Superconductivity observed in thin films of Nd0.8Sr0.2NiO2

Identification of cuprate-like charge and spin stripe physics in R4Ni3O8

Advances in single crystal growth techniques for nickelates

Abstract

In strongly correlated materials, lattice, charge, spin and orbital degrees of freedom interact with each other, leading to emergent physical properties such as superconductivity, colossal magnetic resistance and metal-insulator transition. Quasi-2D square planar nickelates, Rn+1NinO2n+2 (R=rare earth, n=2, 3...), are of significant interest and long sought for cuprate analogue due to the 3d9 electronic configuration of Ni+, the same as the active ion Cu2+ in the high-Tc superconducting cuprates. The field has attracted intense attention since 2019 due to the discovery of superconductivity in thin films of Nd0.8Sr0.2NiO2, although no superconductivity has been reported in bulk polycrystalline powders. Herein, we review the synthesis of polycrystalline powders of quasi-2D square planar nickelates through topotactic reduction of parent compounds that are synthesized via solid state reaction, precursor method, high pressure floating zone method and high-pressure flux method. We emphasize single crystal preparation using the high-pressure floating zone techniques. We discuss their crystal structure and physical properties including resistivity, magnetic susceptibility and heat capacity.

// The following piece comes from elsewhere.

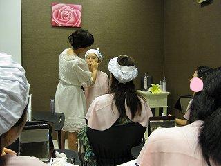 婦人会の協賛店として加わっていただいたお店「アルビオン化粧品」が会員の皆さんに「美容講習会」なるものを開催してくださった。秋のスキンケア方法とビューティーアドバイザーの指導で実際にみんなにあった商品を使ってスキンケアの方法などがテーマ参加できる人数は10名と少数だったので応募者が殺到したらどうしよう!と思いましたが・・・「化粧を落とす」がネック? 10名にも満たなかった。肌のシステムについての講義のあと、↓の写真のようにみんなで化粧を落としていきます・・・「この人はだれでしょう~!?」なんて状態にはなっていませんよ、皆さま化粧を落としてもそれなりに・・お美しい。ビューティーアドバイザーが出席者の肌についてコメント管理人はセンスィティヴなお肌。面の皮は厚いくせに、実際の面の皮は薄いのです。最後に小姐たちに全員がフルメイクをしていただいた。もう、みんさん見違えるようでした。やっぱり高級化粧品店に勤める小姐だけあって、みんな化粧が上手。はい、管理人もこんな風に変身・・・・・・・・・・・はい、嘘です。哀まっ、店側は商品を知ってもらいたいのと販売したいという目的ですが、いつもと違ったメイクをしてもらう目的で参加するのは面白いかもね。よく聞く話ですが、フルセットで購入すると、化粧品がなくなるまでエステをしてくれるそうです。ちょっと管理人も心が揺れております~、でもねぇ お高いのです。相方「エステde金ステ」といつもの一言。この講座来月もありますよ~~
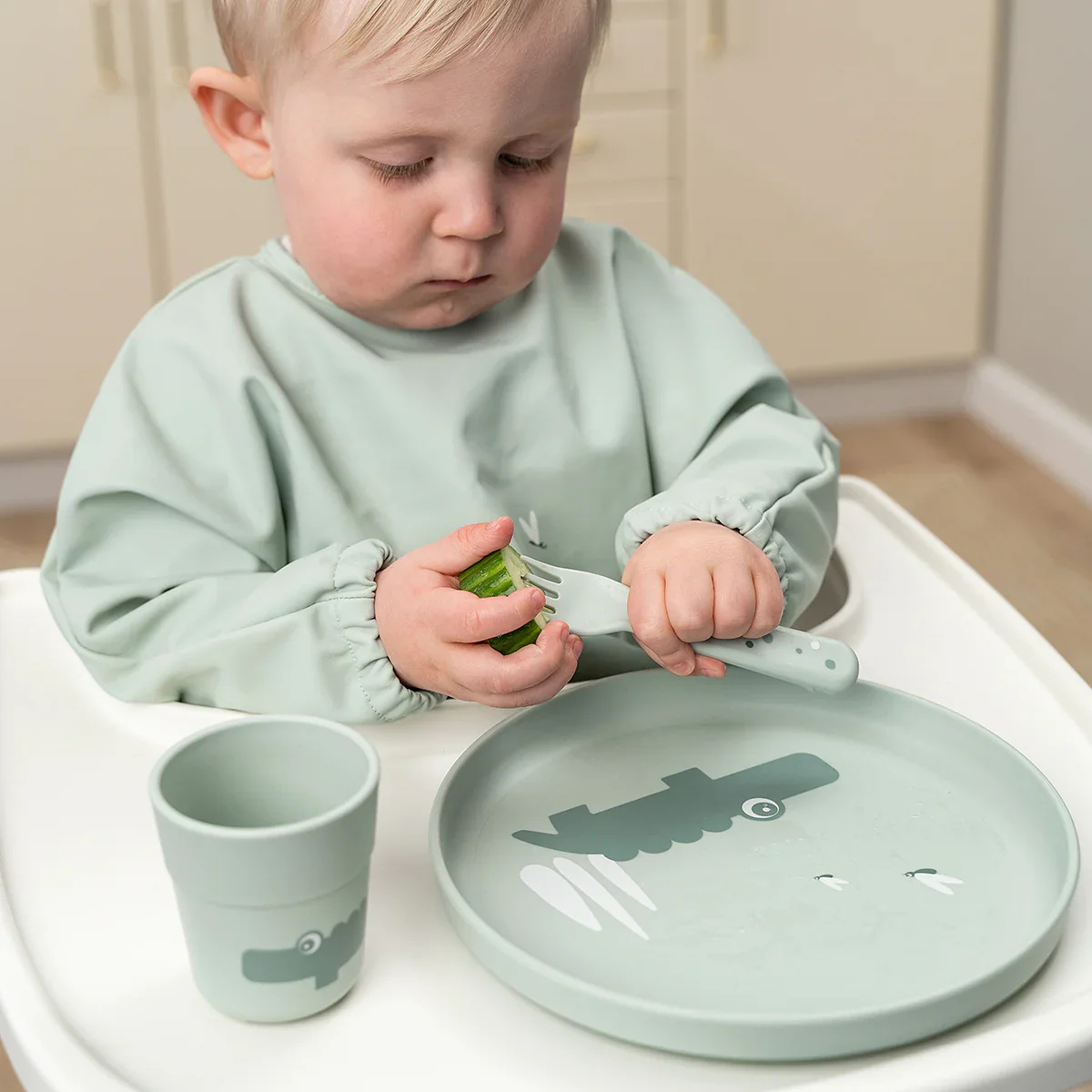 Assiette ventouse en silicone stick & stay – oiseau – vert

We highlight the cuprate-like physics, including charge/spin stripes and large orbital polarization, identified in single crystals of R4Ni3O8 (R=La and Pr) combining synchrotron X-ray/neutron single crystal diffraction and density functional theory calculations. Furthermore, the challenges and possible research directions of this fast-moving field in the future are briefly discussed.